> _What you need to do_: Copy only what lies from the line containing "O intuito da" through the line containing "- Hierbas y" in the entries below, keeping both end lines exact and dropping every picture.

> _Exercise data_:
[Start of Attachment]

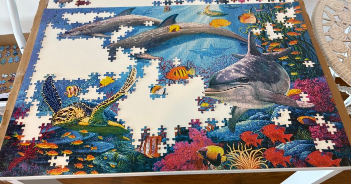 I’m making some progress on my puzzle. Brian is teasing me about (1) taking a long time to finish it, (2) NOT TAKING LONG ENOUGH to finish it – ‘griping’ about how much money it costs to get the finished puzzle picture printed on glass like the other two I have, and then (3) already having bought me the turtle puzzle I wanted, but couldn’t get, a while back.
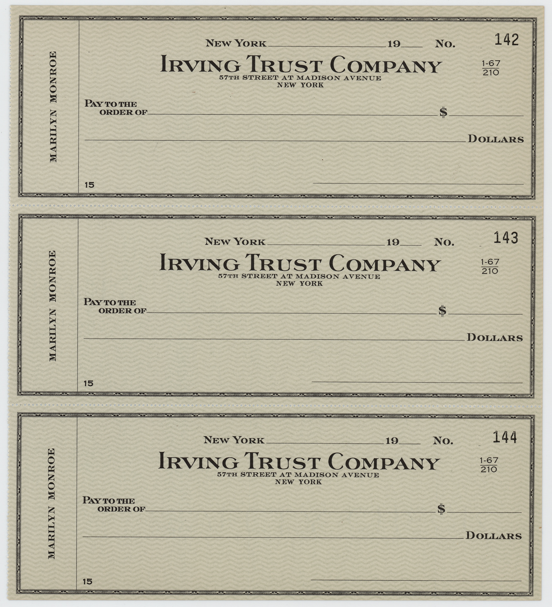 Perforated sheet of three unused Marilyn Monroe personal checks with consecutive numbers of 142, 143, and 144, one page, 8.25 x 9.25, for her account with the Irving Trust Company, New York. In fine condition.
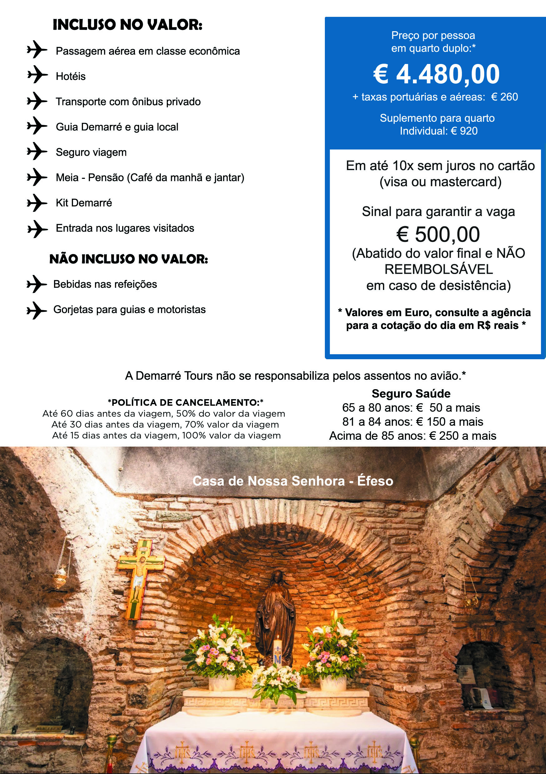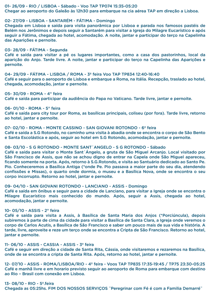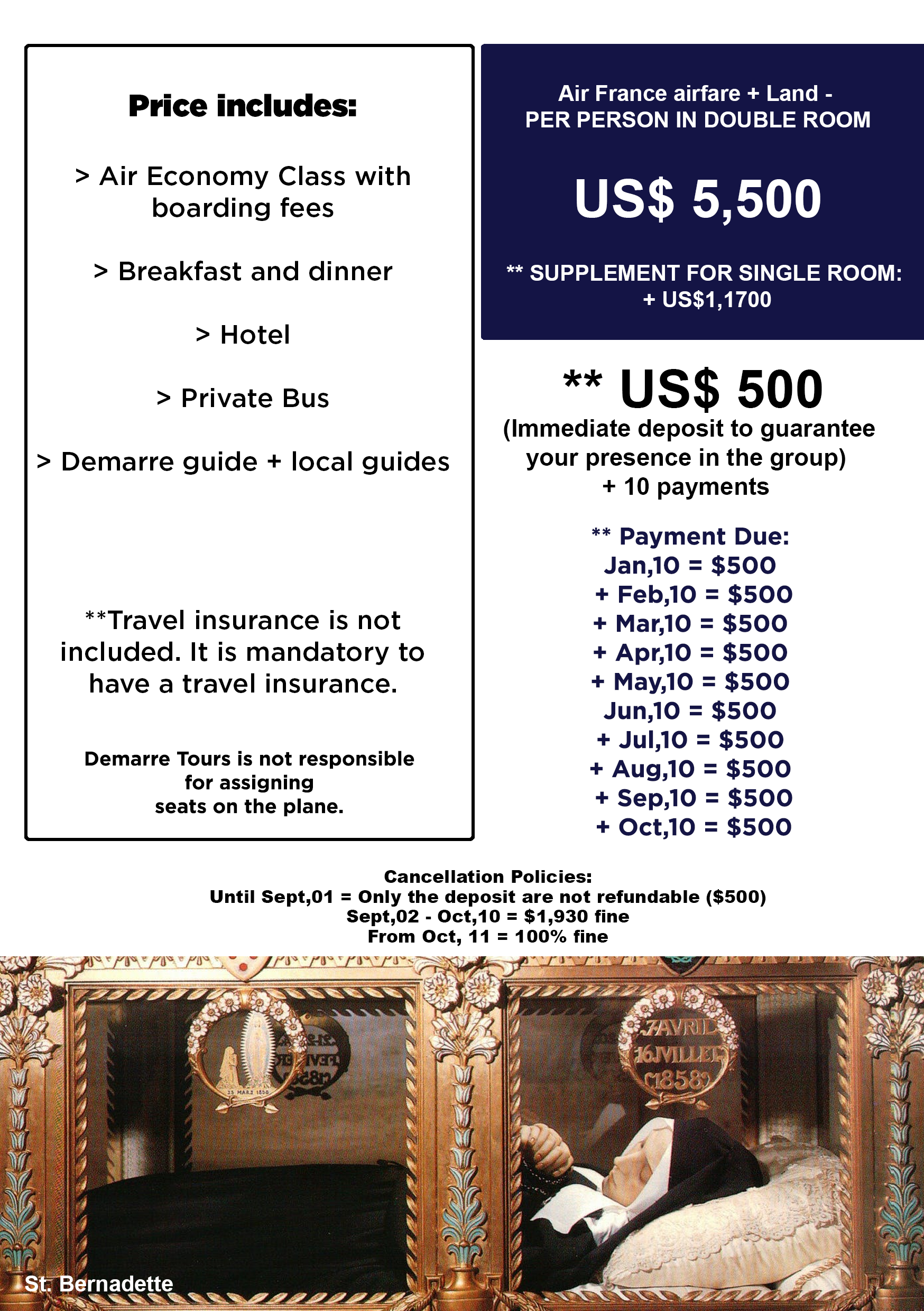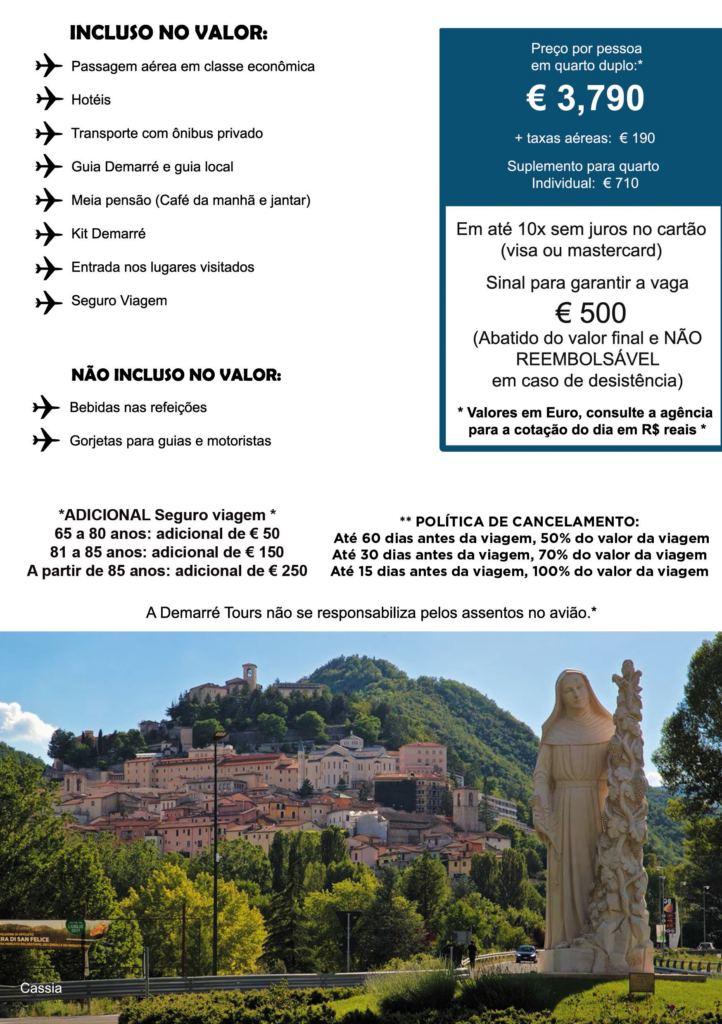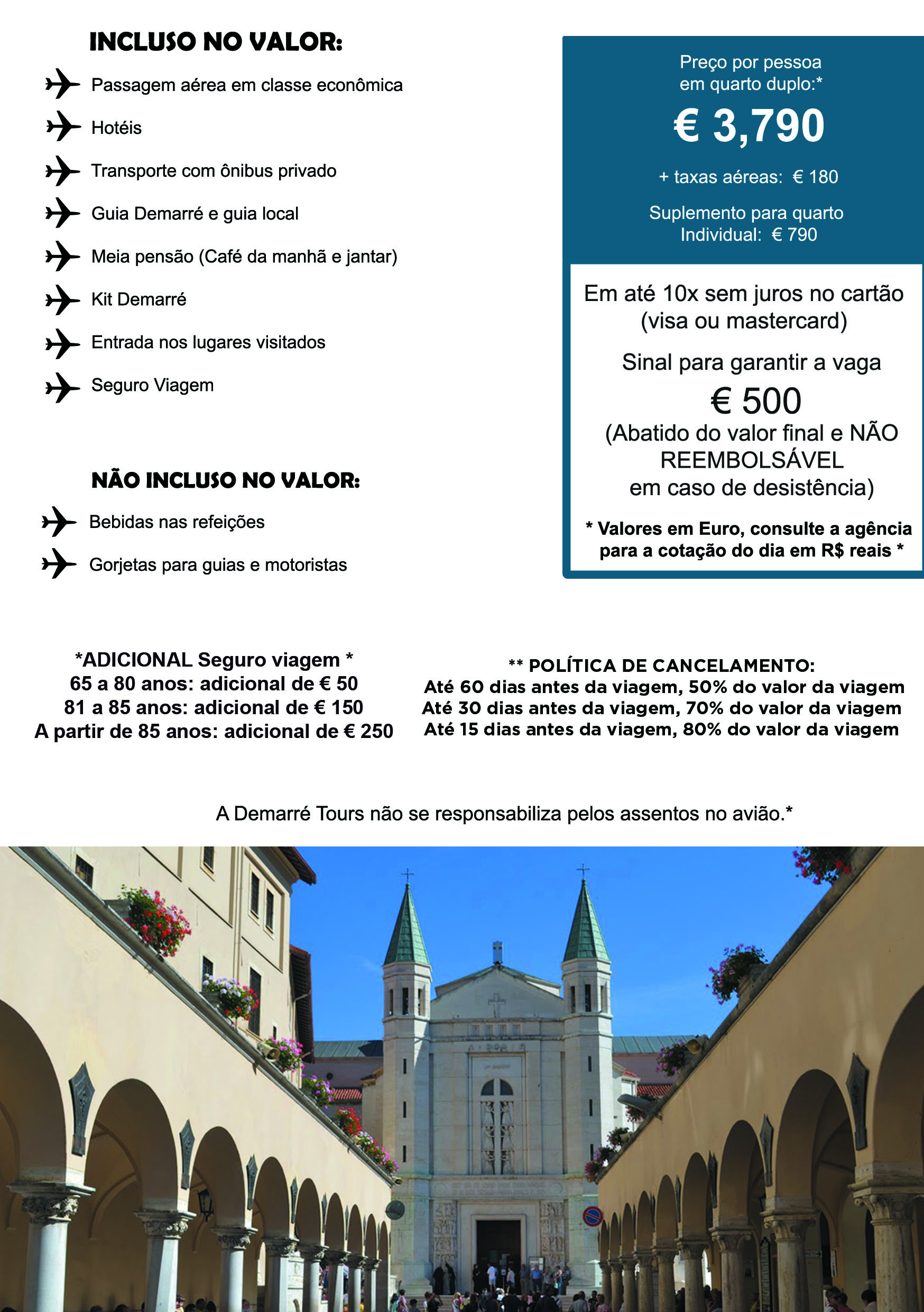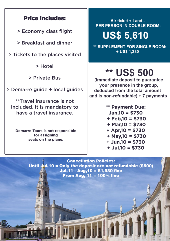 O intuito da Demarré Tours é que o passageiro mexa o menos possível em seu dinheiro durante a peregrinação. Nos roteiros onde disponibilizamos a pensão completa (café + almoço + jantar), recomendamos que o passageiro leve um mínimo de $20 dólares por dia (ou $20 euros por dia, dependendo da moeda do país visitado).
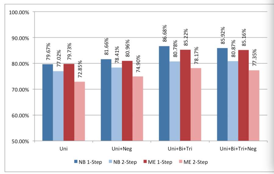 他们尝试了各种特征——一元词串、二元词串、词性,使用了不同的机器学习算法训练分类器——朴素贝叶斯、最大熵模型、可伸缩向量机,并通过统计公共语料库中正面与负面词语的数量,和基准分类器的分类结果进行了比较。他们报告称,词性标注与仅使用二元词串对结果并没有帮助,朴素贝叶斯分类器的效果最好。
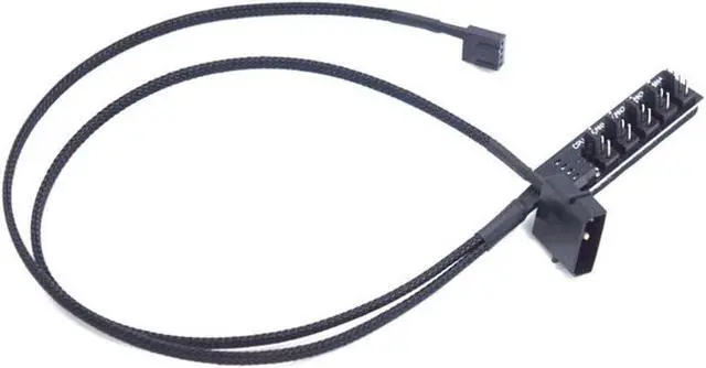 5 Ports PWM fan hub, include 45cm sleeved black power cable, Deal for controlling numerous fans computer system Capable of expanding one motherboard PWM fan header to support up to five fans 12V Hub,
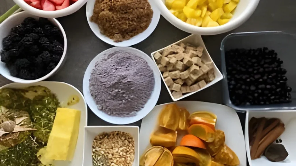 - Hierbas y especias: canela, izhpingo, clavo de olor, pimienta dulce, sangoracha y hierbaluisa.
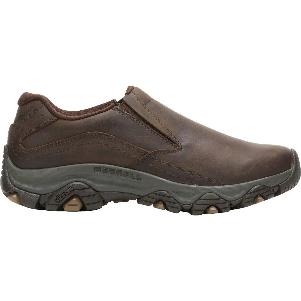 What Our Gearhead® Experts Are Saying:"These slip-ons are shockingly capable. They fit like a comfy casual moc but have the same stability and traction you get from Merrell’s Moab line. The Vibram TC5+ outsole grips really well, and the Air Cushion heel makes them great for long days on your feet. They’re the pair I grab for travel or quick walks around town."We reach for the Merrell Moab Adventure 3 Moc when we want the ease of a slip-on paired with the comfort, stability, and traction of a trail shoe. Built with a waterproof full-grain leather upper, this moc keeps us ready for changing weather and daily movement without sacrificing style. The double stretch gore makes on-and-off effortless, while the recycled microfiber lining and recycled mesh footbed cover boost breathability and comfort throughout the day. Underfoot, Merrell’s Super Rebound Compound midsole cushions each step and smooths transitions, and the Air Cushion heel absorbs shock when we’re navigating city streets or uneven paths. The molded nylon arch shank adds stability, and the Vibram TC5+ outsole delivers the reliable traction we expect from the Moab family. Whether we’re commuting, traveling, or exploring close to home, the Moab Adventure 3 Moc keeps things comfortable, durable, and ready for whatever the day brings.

[End of Attachment]

> _Result of this task_:
 O intuito da Demarré Tours é que o passageiro mexa o menos possível em seu dinheiro durante a peregrinação. Nos roteiros onde disponibilizamos a pensão completa (café + almoço + jantar), recomendamos que o passageiro leve um mínimo de $20 dólares por dia (ou $20 euros por dia, dependendo da moeda do país visitado).
 他们尝试了各种特征——一元词串、二元词串、词性,使用了不同的机器学习算法训练分类器——朴素贝叶斯、最大熵模型、可伸缩向量机,并通过统计公共语料库中正面与负面词语的数量,和基准分类器的分类结果进行了比较。他们报告称,词性标注与仅使用二元词串对结果并没有帮助,朴素贝叶斯分类器的效果最好。
 5 Ports PWM fan hub, include 45cm sleeved black power cable, Deal for controlling numerous fans computer system Capable of expanding one motherboard PWM fan header to support up to five fans 12V Hub,
 - Hierbas y especias: canela, izhpingo, clavo de olor, pimienta dulce, sangoracha y hierbaluisa.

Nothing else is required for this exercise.